Note that stress tessellation follows northern
margin of Gondwana, implying it was free surface
that guided tensile hoop stress. Thus, Gondwana
split on radial fractures along northern rim.
Note nearly perfect symmetry of stress tessellation
across Gondwana. This provided shortest total
fracture length and thus required least work
to break up Gondwana. Click here
or on figure to enlarge.
The stress tessellation
of Figure 2 obeys Euler’s rule for convex
polytopes. A sphere with n ≥
12 vertices requires 12 vertices with five nearest
neighbors (pentamers) and n-12 vertices
with six nearest neighbors (hexamers). The pentamers
occupy the vertices of an icosahedron.
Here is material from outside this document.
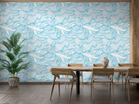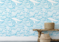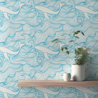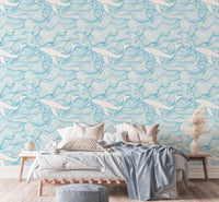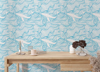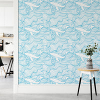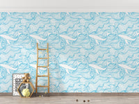 Light Blue Pattern Stormy Waves and Whales Wallpaper

The vertices
in central South America, Antarctica, and Arabia
have five nearest neighbors (not all shown).
As predicted by Euler’s rule, these precisely
occupy the vertices of an icosahedron at the
scale of the Earth. The remaining vertices in
Figure 2 have six nearest neighbors. This precise
geometric relationship indicates that the spherical
Gondwanan shell failed as an integrated whole
in a uniform, non-random fashion.
The edges of Gondwana
appear to have acted as free surfaces that organized
the stress tessellation. Six edges of the stress
tessellation coincided with the northern rim
of Gondwana and parts of the Gondwanides trench
margin.
Tensile hoop-stress
swept around the northern rim of Gondwana from
Central America to New Zealand. Six major radial
Gondwanan fractures abutted this rim because
the fractures formed orthogonally to the tensile
hoop-stress. These fractures separated New Zealand,
Australia, India, Arabia, Libya, northwest Africa,
and Central America. Most of these fractures
were equally spaced, as a function of the strength
of the Gondwanan lithosphere.
Tensile hoop-stress
forms in response to expansion of an enclosed
region. The stress tessellation within the Gondwanan
interior reflected the expansion of the enclosed
Gondwana surface area. It was nearly perfectly
symmetrical across Gondwana, providing the most
balanced stress distribution that was consistent
with the boundary conditions.
The stress field
derived from the fracture tessellation is consistent
with a uniformly and simultaneously expanding
Gondwana, as predicted by the hypothesis of
Anderson
(1982). The plume paradigm predicts, conversely,
that the fractures were caused by random and
unrelated plumes that impinged on the base of
the moving lithosphere.
Scale
of the fracture polygons
The scale of the
fracture tessellation was a function of the
strength of the Gondwanan lithosphere and the
geometry of a spherical shell. The truncated
icosahedral fractures are analogous to the hexagonal
crack patterns seen in columnar-jointed basalt.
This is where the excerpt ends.